» Instructions to follow
Your job is to print, exactly, the lines in the data below from the line with "This page presents" through the line with "Zestaw zawieszek z", both included, and to omit any picture.

Start of The data

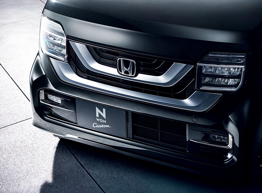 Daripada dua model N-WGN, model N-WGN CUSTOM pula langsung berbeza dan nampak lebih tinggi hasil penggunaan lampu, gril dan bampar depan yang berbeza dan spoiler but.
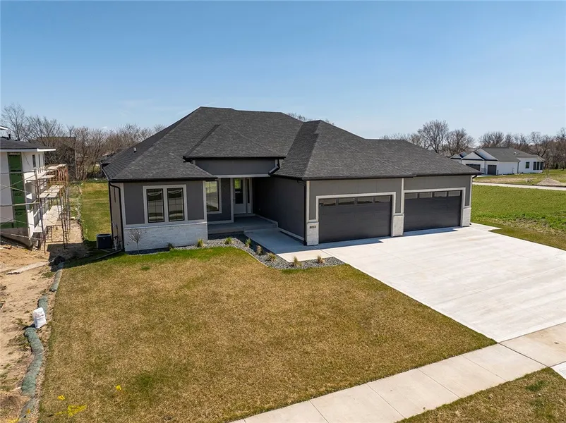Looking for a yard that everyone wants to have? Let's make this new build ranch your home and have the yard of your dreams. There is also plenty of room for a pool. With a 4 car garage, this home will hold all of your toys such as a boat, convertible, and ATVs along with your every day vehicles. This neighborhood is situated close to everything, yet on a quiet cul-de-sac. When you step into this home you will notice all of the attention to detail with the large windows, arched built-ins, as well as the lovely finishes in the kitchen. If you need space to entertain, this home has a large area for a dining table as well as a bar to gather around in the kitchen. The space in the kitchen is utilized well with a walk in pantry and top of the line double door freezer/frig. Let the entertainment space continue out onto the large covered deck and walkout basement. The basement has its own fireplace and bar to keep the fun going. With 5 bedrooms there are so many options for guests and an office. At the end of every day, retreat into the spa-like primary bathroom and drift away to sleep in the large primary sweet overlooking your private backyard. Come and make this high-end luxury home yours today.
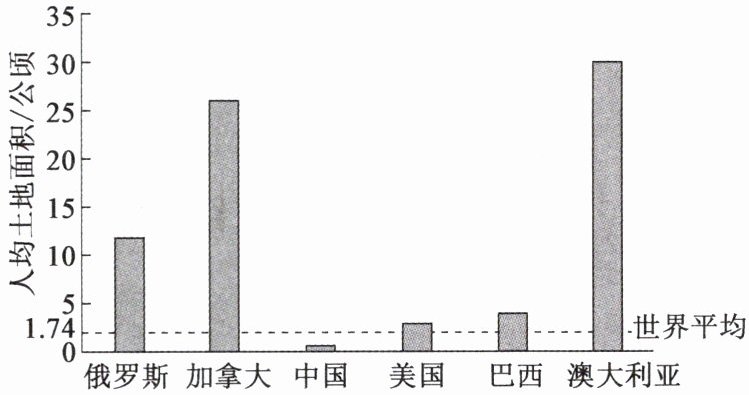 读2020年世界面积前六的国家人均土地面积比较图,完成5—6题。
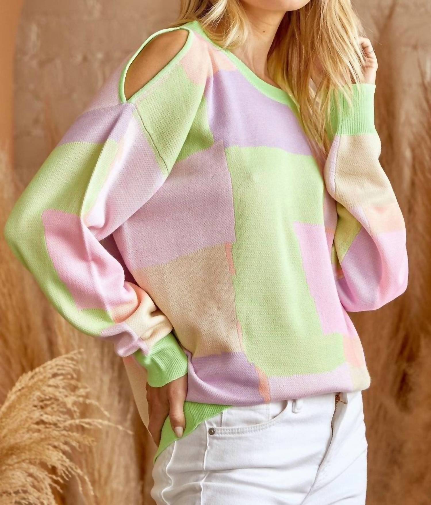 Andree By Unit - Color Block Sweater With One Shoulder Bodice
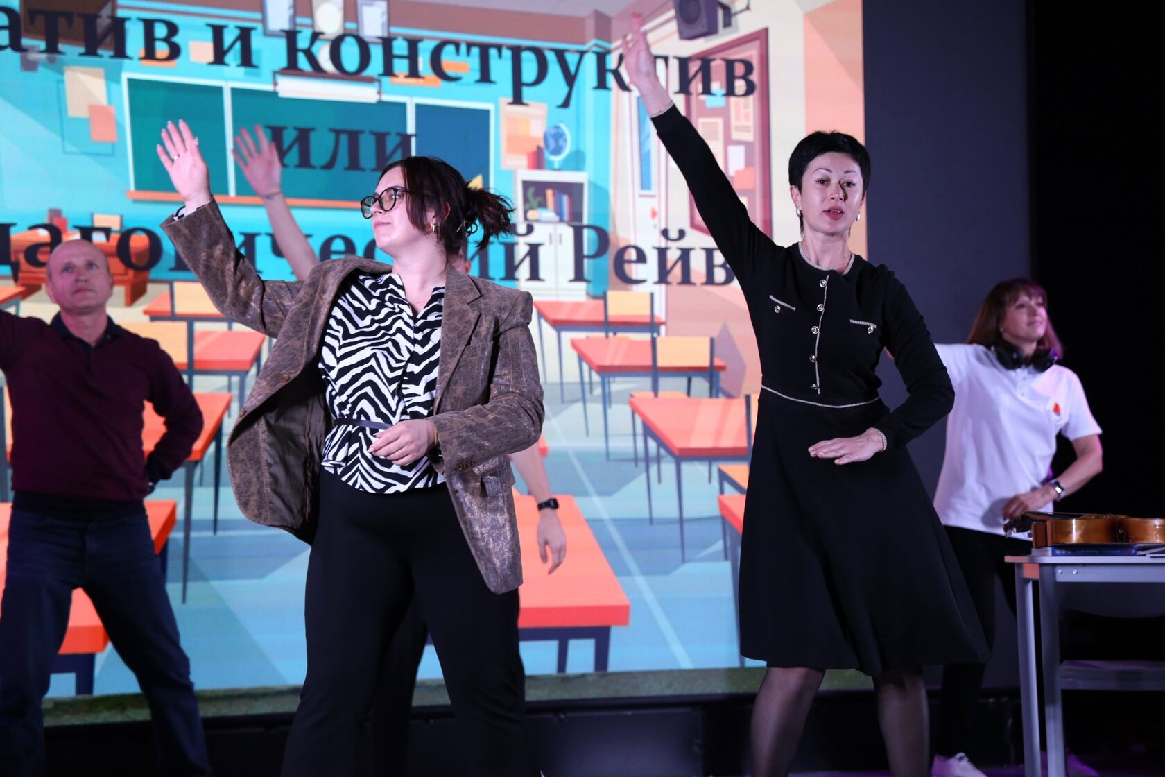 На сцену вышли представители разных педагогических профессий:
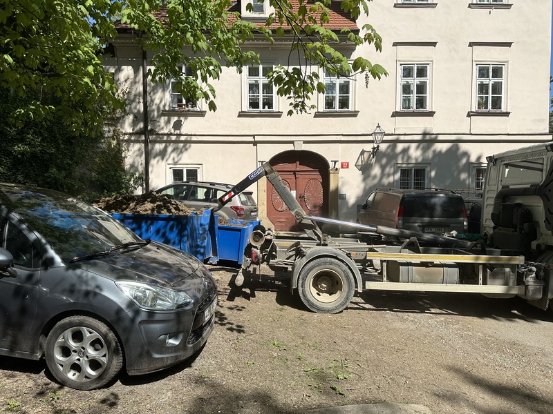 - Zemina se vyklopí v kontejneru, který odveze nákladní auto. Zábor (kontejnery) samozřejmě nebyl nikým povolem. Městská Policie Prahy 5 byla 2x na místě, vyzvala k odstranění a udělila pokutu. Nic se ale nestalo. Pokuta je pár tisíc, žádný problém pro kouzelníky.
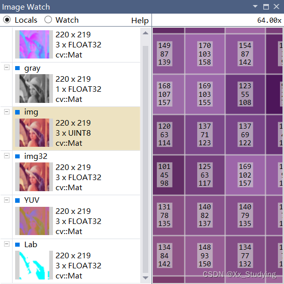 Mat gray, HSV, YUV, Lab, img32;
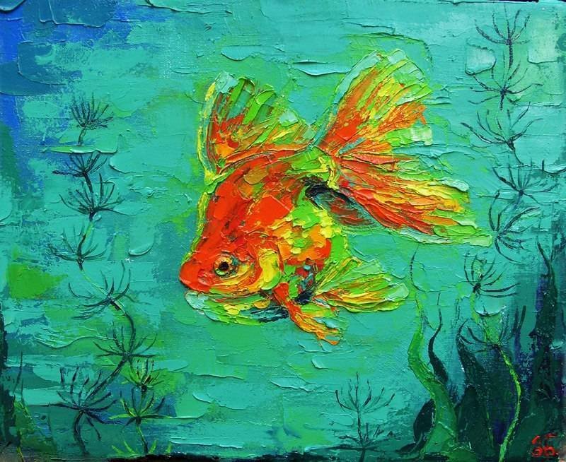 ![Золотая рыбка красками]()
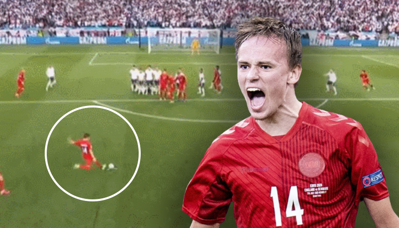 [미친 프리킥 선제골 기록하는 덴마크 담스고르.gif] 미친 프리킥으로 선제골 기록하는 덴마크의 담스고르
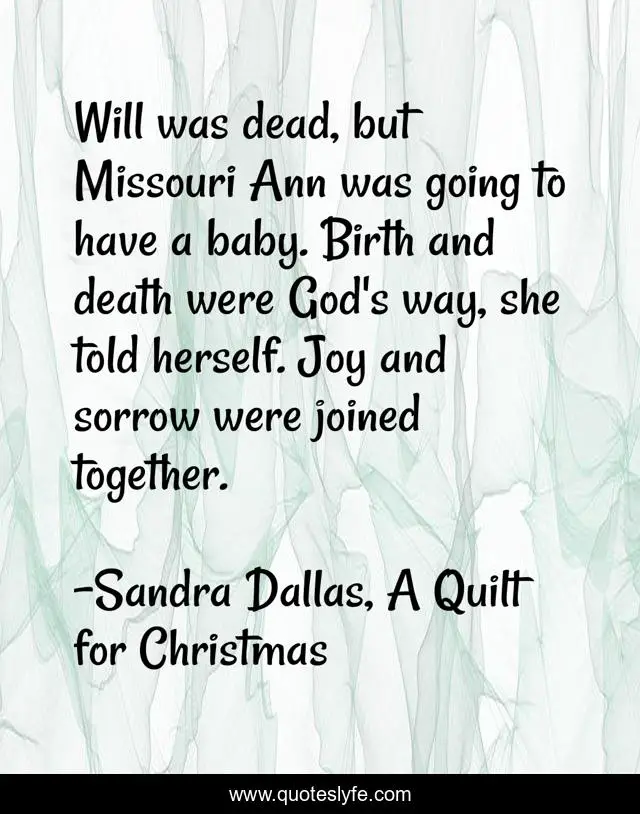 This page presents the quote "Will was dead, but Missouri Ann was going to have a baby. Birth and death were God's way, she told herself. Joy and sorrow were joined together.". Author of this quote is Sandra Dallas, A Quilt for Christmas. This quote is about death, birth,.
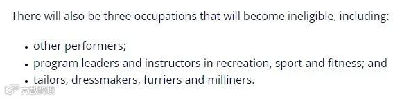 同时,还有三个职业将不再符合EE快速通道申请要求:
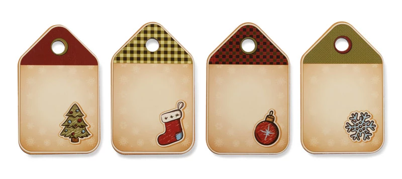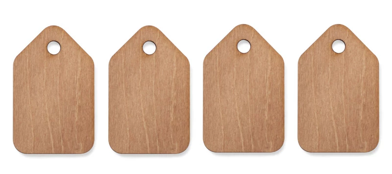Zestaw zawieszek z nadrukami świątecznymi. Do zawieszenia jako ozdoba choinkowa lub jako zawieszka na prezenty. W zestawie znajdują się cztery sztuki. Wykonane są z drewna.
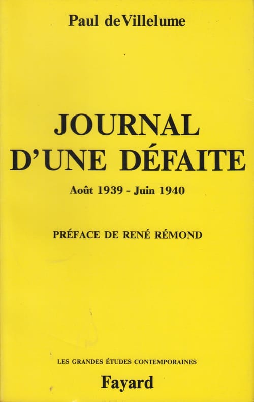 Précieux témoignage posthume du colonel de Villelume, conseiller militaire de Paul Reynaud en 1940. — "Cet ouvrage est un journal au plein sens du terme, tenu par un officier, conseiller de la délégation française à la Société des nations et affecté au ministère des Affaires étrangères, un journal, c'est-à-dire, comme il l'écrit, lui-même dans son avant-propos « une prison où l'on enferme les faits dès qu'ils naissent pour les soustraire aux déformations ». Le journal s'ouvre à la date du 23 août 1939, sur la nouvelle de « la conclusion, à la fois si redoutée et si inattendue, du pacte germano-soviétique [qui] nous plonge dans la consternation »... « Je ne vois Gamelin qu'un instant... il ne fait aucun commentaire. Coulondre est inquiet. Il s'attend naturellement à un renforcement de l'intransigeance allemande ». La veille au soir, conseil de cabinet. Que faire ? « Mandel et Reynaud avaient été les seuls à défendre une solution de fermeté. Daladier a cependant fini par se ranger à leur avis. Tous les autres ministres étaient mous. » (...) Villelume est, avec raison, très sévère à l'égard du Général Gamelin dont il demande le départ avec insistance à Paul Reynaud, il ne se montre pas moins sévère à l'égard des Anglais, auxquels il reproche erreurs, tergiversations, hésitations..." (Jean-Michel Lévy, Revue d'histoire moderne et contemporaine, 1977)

End of The data
Start of The data

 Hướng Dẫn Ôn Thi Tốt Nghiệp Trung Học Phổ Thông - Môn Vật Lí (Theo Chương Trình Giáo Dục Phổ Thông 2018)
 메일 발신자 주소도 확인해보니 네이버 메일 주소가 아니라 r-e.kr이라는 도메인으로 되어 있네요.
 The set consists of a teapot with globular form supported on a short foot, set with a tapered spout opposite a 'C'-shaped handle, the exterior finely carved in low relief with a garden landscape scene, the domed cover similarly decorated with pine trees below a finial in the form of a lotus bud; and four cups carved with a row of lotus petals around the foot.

End of The data

» Answer to this task
 This page presents the quote "Will was dead, but Missouri Ann was going to have a baby. Birth and death were God's way, she told herself. Joy and sorrow were joined together.". Author of this quote is Sandra Dallas, A Quilt for Christmas. This quote is about death, birth,.
 同时,还有三个职业将不再符合EE快速通道申请要求:
Zestaw zawieszek z nadrukami świątecznymi. Do zawieszenia jako ozdoba choinkowa lub jako zawieszka na prezenty. W zestawie znajdują się cztery sztuki. Wykonane są z drewna.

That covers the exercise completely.